Platanites is a genus of extinct plane tree (sycamore) that existed during the Late Cretaceous as well as the Paleocene and Eocene. Fossils are known from North America and Europe.

==Description==
The leaves of Platanites are said to be compound with three leaflets. The margins are serrated, with rounded sinuses between the teeth. The petiole is swollen at its base. The terminal leaflet is borne on a short stalk, while the lateral leaflets range from sessile to shortly stalked. Some leaf specimens exhibit an unusually elongated tip compared to other material.

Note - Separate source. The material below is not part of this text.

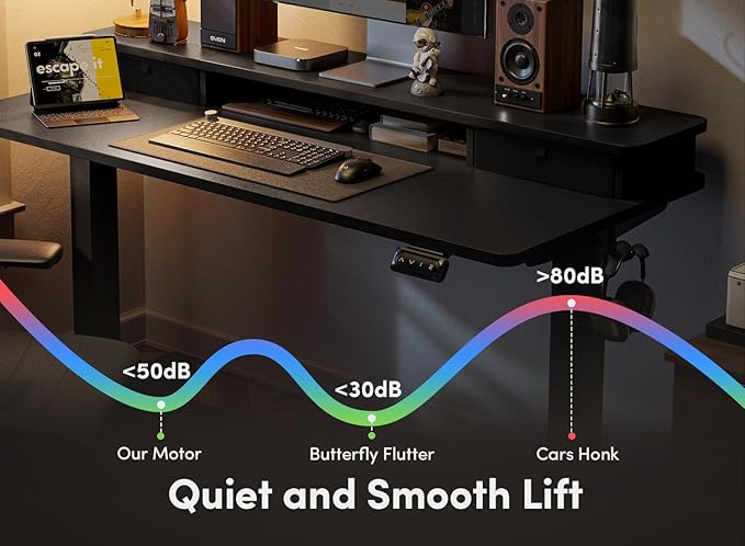 - Electric Height Adjustable: FEZIBO standing desk has reliable motor that could support height adjustment between 27.36''-46.06'' with low noise(under 50 dB) while running

This difference is not regarded as evidence of a distinct taxon; rather, it is attributed to natural morphological variation within the species, possibly related to leaf position in the tree crown—a pattern also observed in living members of Platanaceae (making it rather common trait among plane trees). Platanites leaves show no evidence for evergreen adaptations. It was probably deciduous based on petiole morphology. Today, the only evergreen plane tree is Platanus (Casteneophyllum) kerrii with most other plane trees being deciduous.

==Distribution==
Fossils are known from Scotland (such as in the Ardtun Leaf Beds), Montana (such as in the Hell Creek, Ravenscrag and Fort Union Formations), South Dakota (such as in the Hell Creek Formation), North Dakota (such as in the Hell Creek and Fox Hills Formations), Utah (such as in the Green River Formation), New Mexico (such as in the Nacimiento and Ojo Alamo Formations), Wyoming (such as in the Eagle and Aycross Formations), Oregon (such as in the Clarno Formation) and Colorado (such as in the Denver and Green River Formations). A possible species is known from Poland.

==Extinction==
While common place during the Cretacoues and Paleocene, Platanites went extinct during the Eocene. Western North America appears to have been the final refuge of Platanites, where the genus persisted only in a few lake settings of the Pacific Northwest and southern Rocky Mountains. No occurrences are currently known from Oligocene or Neogene deposits, implying that the lineage either vanished from the region or became fully extinct near the Eocene–Oligocene boundary. This timing coincides with the global transition from a warmhouse climate to a prolonged coolhouse state.